Failure to transfer properties causes complications in defacto case

30-November-2010 Family Law By admin

When a Dad lovingly gives his daughter two properties it seems simple enough. But what happens when he fails to sign a transfer, pay stamp duty nor change the registration details on the Department of Lands Torrens Title Registry? It gets complicated.

After the giving the gift, the Dad enters into a de facto relationship. Time passes. The Dad and his de facto separate. After the separation, the ex-de facto claims the properties as part of the ‘pool’ of assets to be divided.

The daughter approached Streeterlaw Sydney Lawyers and we agreed to help fight her case. Our argument to the Supreme Court was that the properties were hers and it was the ‘common intention’ of the parties that they be transferred. The decision of Justice Brereton was handed down on 26 November 2010. Holmes v Mack [2010] NSWSC 1365

This case started as a claim by the ex-de facto wife Laura Mack [surname changed by deed poll] against Donald Mack in the District Court of NSW seeking provision under the Property (Relationships) Act 1984. After a lengthy series of interim arguments, including an adjourned hearing date, the proceedings took an interesting twist. Streeterlaw received instructions to act for Sharon Homes, the daughter of Mr Donald Mack and the plaintiff in these Supreme Court Proceedings.

The brief facts are:

Laura came to Australia from the Philippines in early 1997 and formed a close personal relationship with Donald form August 1997. Laura’s tourist visa expired and she returned to the Philippines but then returned to Australia in December 1998 sponsored by Sharon Homes (the daughter of Donald Mack). Laura resumed the relationship with Donald. Laura & Donald initially separated in January 2005 but after an attempted reconciliation separated on a final basis in June 2006.

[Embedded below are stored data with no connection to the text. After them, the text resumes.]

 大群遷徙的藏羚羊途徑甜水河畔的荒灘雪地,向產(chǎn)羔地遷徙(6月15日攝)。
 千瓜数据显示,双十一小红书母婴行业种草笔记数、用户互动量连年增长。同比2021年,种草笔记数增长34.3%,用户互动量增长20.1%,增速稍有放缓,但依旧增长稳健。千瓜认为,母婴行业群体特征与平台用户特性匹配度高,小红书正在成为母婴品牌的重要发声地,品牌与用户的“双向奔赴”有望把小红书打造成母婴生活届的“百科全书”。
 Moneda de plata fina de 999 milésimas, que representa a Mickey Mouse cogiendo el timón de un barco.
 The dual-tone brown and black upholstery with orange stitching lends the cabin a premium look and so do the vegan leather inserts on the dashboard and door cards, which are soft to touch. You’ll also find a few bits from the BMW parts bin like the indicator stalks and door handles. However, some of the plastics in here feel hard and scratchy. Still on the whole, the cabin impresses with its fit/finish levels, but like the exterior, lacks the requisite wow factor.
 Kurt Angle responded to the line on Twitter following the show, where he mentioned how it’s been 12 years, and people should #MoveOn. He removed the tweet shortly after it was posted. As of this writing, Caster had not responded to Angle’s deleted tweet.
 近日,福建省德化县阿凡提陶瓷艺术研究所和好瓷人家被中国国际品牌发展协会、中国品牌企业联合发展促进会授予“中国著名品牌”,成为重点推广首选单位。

Laura commenced proceedings in the District Court seeking provision from the ‘property’ of Donald which included the house he lived in and a commercial property.

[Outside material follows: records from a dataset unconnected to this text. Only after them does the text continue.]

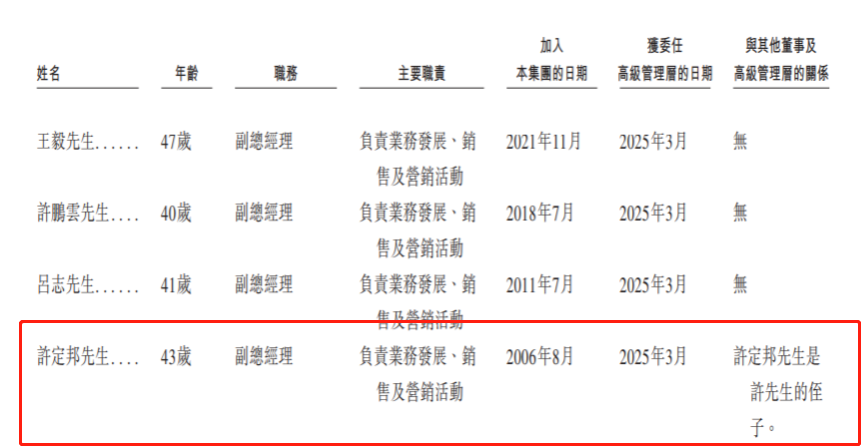 许定邦为董事长许开华侄子,43岁,于2004年6月自华中师范大学获得英语专业学士学位。为格林美的副总经理。
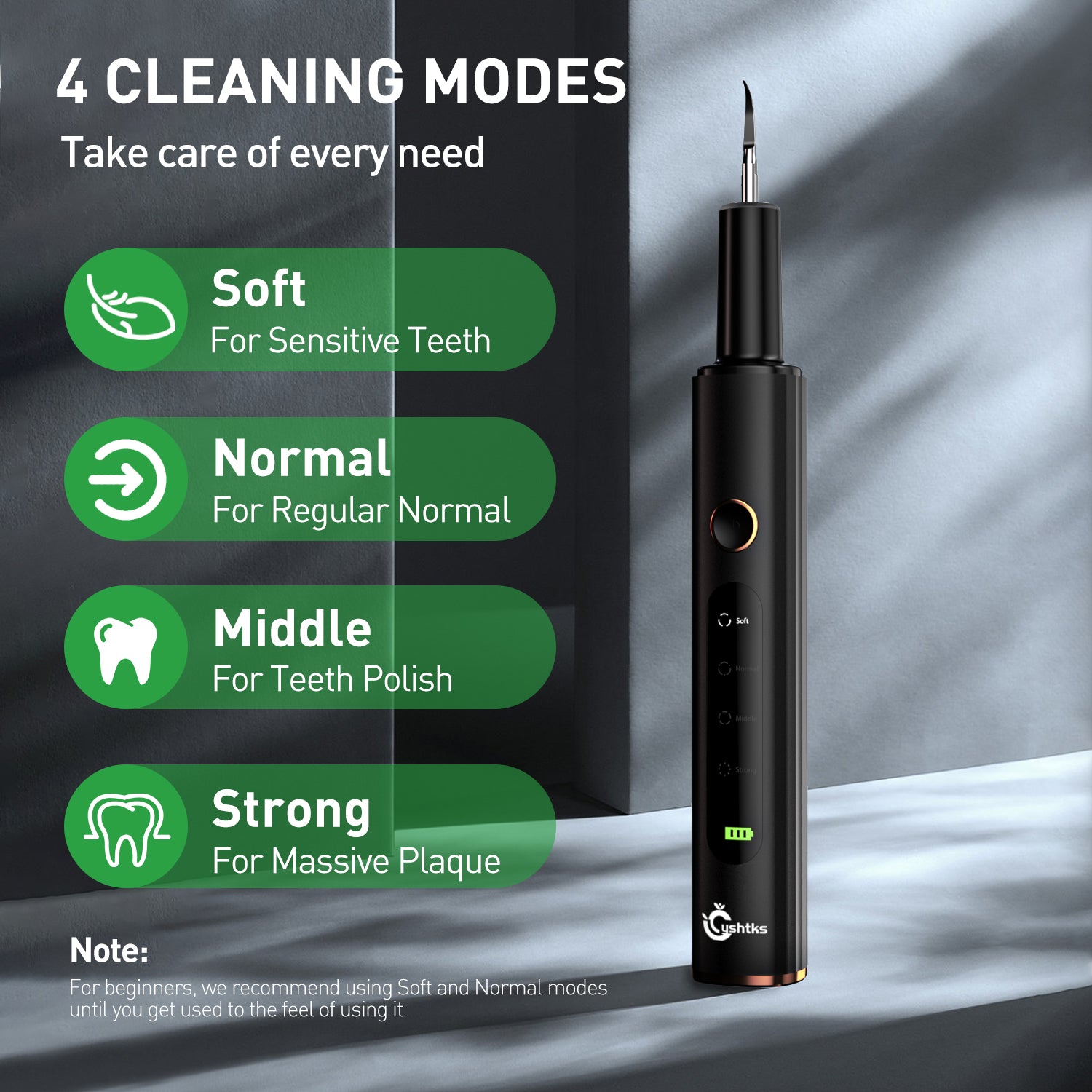 - Safe & Protect Your Gums: This electric teeth cleaning kit only works on teeth or hard objects, stop vibrating when touching gums and soft skins. It won't hurt your gums, please use it with confidence. You can start from the soft mode, and be fully charged before use.
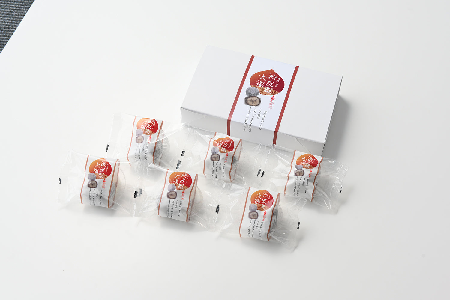 大粒の栗を渋皮ごとじっくり煮込み、なめらかなこし餡とともに羽二重餅で包み込んだ贅沢な大福です。栗本来の旨みと上品な甘さが調和した、心躍る逸品。冷凍で30日保存可能なので、贈り物やお茶の時間にぴったりです。
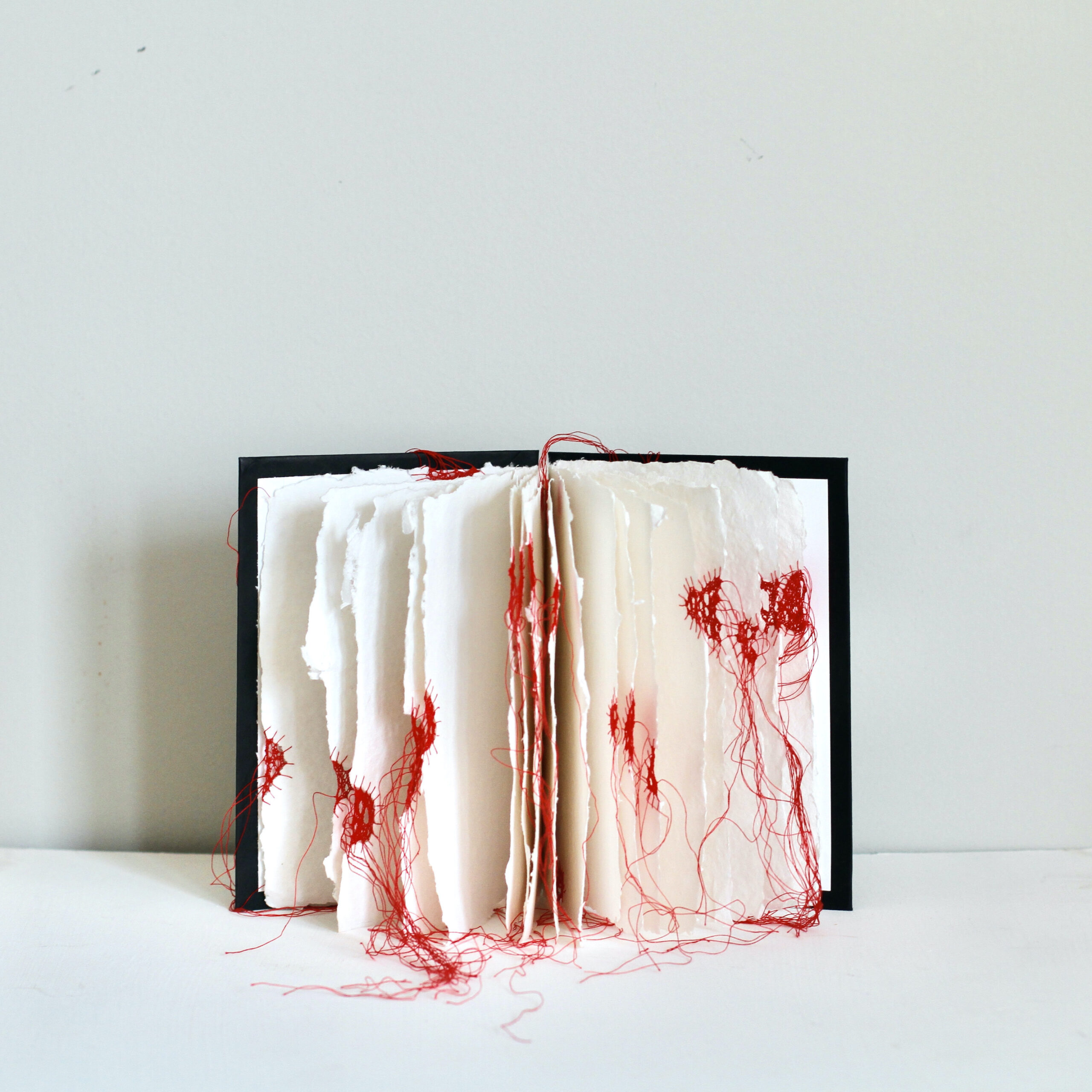 A feminine lineage described not by the presence of women, but by their absence- the women removed and replaced with thread, mull and obscured pages painting a picture of a lineage lost to time, voices not heard.
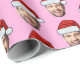 Personalised Face Santa Hat Pink Gift Wrap, Replace the face with your favorite photo if you want (make sure to crop as much to the face as possible and use an app to remove the background) and personalize this funny Christmas Holiday Wrapping Paper with your kid, husband, or boyfriend on it! Also a fun and unique surprise for grandma and grandpa, mom or dad.

Although the properties were registered in Donald’s name, Sharon claimed that they in fact belonged to her and that she had entered into an agreement with her father before 30 June 1996 in which Donald transferred these properties to her.

The determination of this issue was of real significance in the De Facto Proceedings because if it was determined the properties were held on trust by Donald, for Sharon, there would be practically no property in the divisible pool for the De facto proceedings.

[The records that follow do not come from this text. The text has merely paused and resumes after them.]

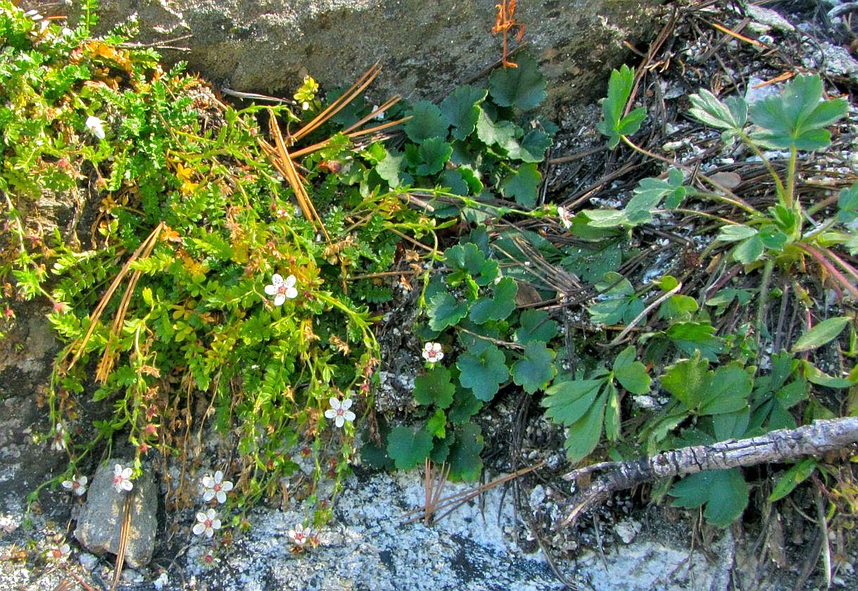 Fig. 1. Two SnJt endemic species and one SnJt near-endemic species growing side by side near the head of Andreas Canyon at the edge of Tahquitz Valley. Left: Tahquitz Ivesia, Ivesia callida, the only one in bloom in this pix. Middle: shaggy-haired alumroot, Heuchera hirsutissima. Right: cliff cinquefoil, Potentilla rimicola. Photo by James Dillane.
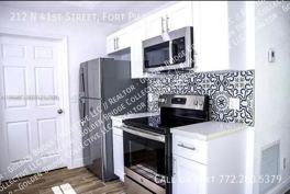 Beautiful updated 3-bedroom, 1-bath home set on an expansive 9,000+ sq ft lot in a peaceful Fort Pierce neighborhood. This charming Mid-Century home showcases modern upgrades throughout, including new kitchen cabinets, a stylish tile mosaic backsplash, quarts countertops, stainless steel appliances, a fully tiled bathroom, and wood-look vinyl flooring. Enjoy the privacy of having only one adjacent neighbor from your spacious yard. Conveniently located within walking distance to new shopping plazas and just minutes from the beautiful Fort Pierce beaches, this home offers the perfect blend of comfort, style, and location. Come see it today as it won't last long!
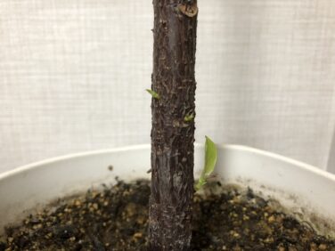 カシワバゴムノキ(バンビーノ)を切り戻し剪定して、剪定したところの近くから脇芽が出たのですが、その場所とは別の、木の根元に近い幹のところから新しい芽が出てきました。バンビーノを育てていて、剪定したところ以外の幹から脇芽が出たのは今回が初めてです。カシワバゴムノキ(バンビーノ)の脇芽【2025年9月2...
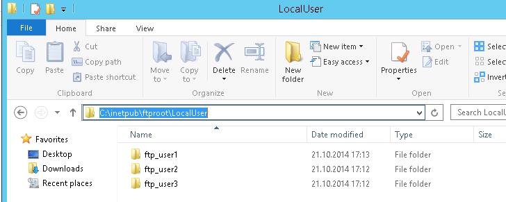 Create a directory with the name LocalUser (the name must be the same, it’s important!!!) in the folder C:\inetpub\ftproot. Then make three directories under with the names ftp_user1, ftp_user2, ftp_user3 in the folder C:\inetpub\ftproot\LocalUser.
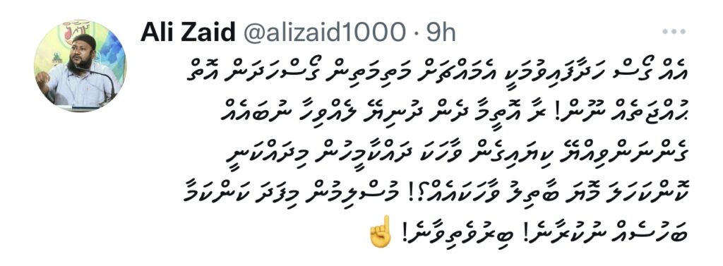 އަދި ރާ އޮތީމާ ދެން ދުނިޔޭ ލެއްވިހާ ނުބައެއް ގެންނަންވިއްޔޭ ކިޔައިގެން ވާހަކަ ދައްކާމީހުން މިދައްކަނީ ކޮންކަހަލަ މޮޔަ ބާތިލު ވާހަކައެއްތޯ ޝެއިހު ޒައިދު ވަނީ ސުވާލު އުފައްދަވާފައެވެ.

The Court carefully examined the historical records evidencing the purchase of the commercial property and the ‘dissolution’ of an antique business operated as a partnership between Sharon & Donald.

On 28 June 1996 Sharon and Donald, without legal assistance entered into a “Deed of Dissolution of Partnership”, which relevantly provided that, with effect from 1 July 1996, Sharon would hold the trade names and business assets, and Donald relinquished all rights and claims to the business funds, assets, stock, furnishing and fittings, plant, goodwill, books, records and real estate at the commercial property.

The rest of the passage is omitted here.